A client of Na'Nizhoozhi Center, Inc., better known as NCI, walks to the entrance where he will spend the night. NCI may be closing its doors soon as their funding has been dramatically reduced.





T he area's primary resource to help people who are drunk and on the streets of Gallup may be forced to shut its doors next February because of funding problems.

In the last couple of years, Na'Nizhoozhi Center, Inc., better known as NCI, has seen its funding reduced by the various agencies that fund it and now it's getting to the point where the detox program just can't survive at the reductions it is being asked to make, according to NCI officials.

Jay Azua, NCI's director, said that at one time the Navajo Nation provided the program with $2 million a year. The tribe currently provides nothing to the program.

In the last couple of months, the city of Gallup, which provides money to the program through a distribution of liquor excise taxes, is also planning to make cuts to NCI.

Figures provided by NCI show that the program has been seeing its budget cut almost every year since 2009 when it was operating its detoxification program at a level of $1,736,757. In 2012, just three years later, despite higher costs, the program's budget is now $1.4 million.

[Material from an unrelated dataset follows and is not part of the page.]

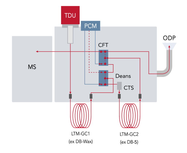 While ADA reveals which odorants are perceived at the highest dilutions, it alone does not provide definitive compound identification. Cannabis is a complex matrix, and many of its most potent compounds coelute in a single-dimensional separation. 1D/2D-GC-O/MS allows for automated switching between single-dimensional separation and heart-cutting into the second dimension when coelution is observed.
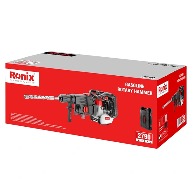 رونیکس مدلهای مختلف بتنکن برقی، شارژی و بنزینی را با توجه به نوع کاربرد مورد نظر شما طراحی و تولید میکند. با استفاده از بتنکن بنزینی 2790 رونیکس میتوانید در طی ساعتهای کاری مداوم، بدون نیاز به برق و نگرانی از تمامشدن شارژ باتری به فعالیت خود ادامه دهید. بتنکن بنزینی 2790 دارای سیستم قلمگیر پنجشیار (SDS-MAX) با قفلکن پیشرفته است. موتور قدرتمند 1000 واتی این بتنکن نیز توان ضربه 12 ژول را تولید میکند. سیستم ضد لرزش این ابزار نیز کار با دستگاه را آسانتر میکند.

The program serves an average of 80 clients per day or 29,200 clients per year. To do this, NCI employees a total of 66 full-time workers.

"NCI has done everything (it can) to reduce expenditures," the NCI board said in a recent statement. "It has become more efficient as reflected in clean and successful audits for the past four years and is a nationally recognized program of excellence."

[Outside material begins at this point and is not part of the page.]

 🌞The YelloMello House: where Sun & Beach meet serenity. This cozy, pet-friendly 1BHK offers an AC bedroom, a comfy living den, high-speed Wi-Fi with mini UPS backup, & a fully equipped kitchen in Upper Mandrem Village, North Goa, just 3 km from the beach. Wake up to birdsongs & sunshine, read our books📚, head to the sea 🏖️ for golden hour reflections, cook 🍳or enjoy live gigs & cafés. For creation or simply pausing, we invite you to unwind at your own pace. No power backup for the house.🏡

NCI officials point out that closing in February would come at a time when organizations like NCI are needed to protect the health and welfare of Gallup's street people who depend on NCI especially when the weather gets cold and there is no other place to house them.

"The closing of NCI will have a major impact on the social fibers of this community and region," the board statement said, adding that the closure will result in increased exposure deaths, more domestic violence, increased crime and more work for the area's law enforcement and hospital emergency rooms.

"The costs to the community taxpayer will be far greater than the costs of continued NCI services," the board said.